Exercise
Give the data again exactly as written, skipping any pictures.

Provided data
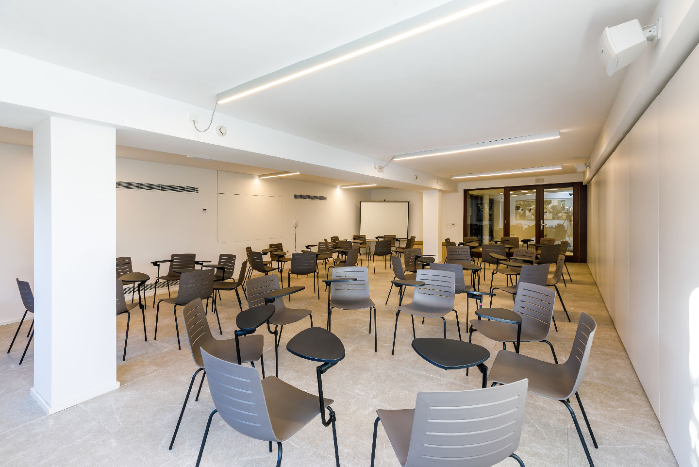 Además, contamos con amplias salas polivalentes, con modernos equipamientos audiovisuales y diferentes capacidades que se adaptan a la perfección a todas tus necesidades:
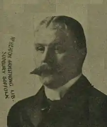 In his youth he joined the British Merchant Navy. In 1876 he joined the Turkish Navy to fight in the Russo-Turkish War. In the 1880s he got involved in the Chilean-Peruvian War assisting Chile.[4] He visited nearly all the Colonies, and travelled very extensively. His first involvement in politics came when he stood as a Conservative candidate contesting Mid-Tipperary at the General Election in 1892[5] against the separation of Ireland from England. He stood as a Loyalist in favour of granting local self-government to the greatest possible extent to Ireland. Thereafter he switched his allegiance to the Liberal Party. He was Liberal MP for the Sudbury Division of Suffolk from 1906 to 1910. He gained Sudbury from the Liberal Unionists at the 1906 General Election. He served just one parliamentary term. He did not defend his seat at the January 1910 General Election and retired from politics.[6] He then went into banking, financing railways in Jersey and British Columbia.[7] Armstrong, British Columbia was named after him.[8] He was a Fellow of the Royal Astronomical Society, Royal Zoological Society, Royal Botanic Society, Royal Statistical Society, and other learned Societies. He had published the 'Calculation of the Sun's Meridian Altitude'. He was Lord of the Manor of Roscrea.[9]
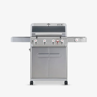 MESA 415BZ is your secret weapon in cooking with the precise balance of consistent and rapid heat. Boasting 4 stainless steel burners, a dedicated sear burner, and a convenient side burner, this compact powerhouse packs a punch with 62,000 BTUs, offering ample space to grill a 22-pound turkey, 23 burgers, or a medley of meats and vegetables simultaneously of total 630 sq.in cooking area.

The completed task
 Además, contamos con amplias salas polivalentes, con modernos equipamientos audiovisuales y diferentes capacidades que se adaptan a la perfección a todas tus necesidades:
 In his youth he joined the British Merchant Navy. In 1876 he joined the Turkish Navy to fight in the Russo-Turkish War. In the 1880s he got involved in the Chilean-Peruvian War assisting Chile.[4] He visited nearly all the Colonies, and travelled very extensively. His first involvement in politics came when he stood as a Conservative candidate contesting Mid-Tipperary at the General Election in 1892[5] against the separation of Ireland from England. He stood as a Loyalist in favour of granting local self-government to the greatest possible extent to Ireland. Thereafter he switched his allegiance to the Liberal Party. He was Liberal MP for the Sudbury Division of Suffolk from 1906 to 1910. He gained Sudbury from the Liberal Unionists at the 1906 General Election. He served just one parliamentary term. He did not defend his seat at the January 1910 General Election and retired from politics.[6] He then went into banking, financing railways in Jersey and British Columbia.[7] Armstrong, British Columbia was named after him.[8] He was a Fellow of the Royal Astronomical Society, Royal Zoological Society, Royal Botanic Society, Royal Statistical Society, and other learned Societies. He had published the 'Calculation of the Sun's Meridian Altitude'. He was Lord of the Manor of Roscrea.[9]
 MESA 415BZ is your secret weapon in cooking with the precise balance of consistent and rapid heat. Boasting 4 stainless steel burners, a dedicated sear burner, and a convenient side burner, this compact powerhouse packs a punch with 62,000 BTUs, offering ample space to grill a 22-pound turkey, 23 burgers, or a medley of meats and vegetables simultaneously of total 630 sq.in cooking area.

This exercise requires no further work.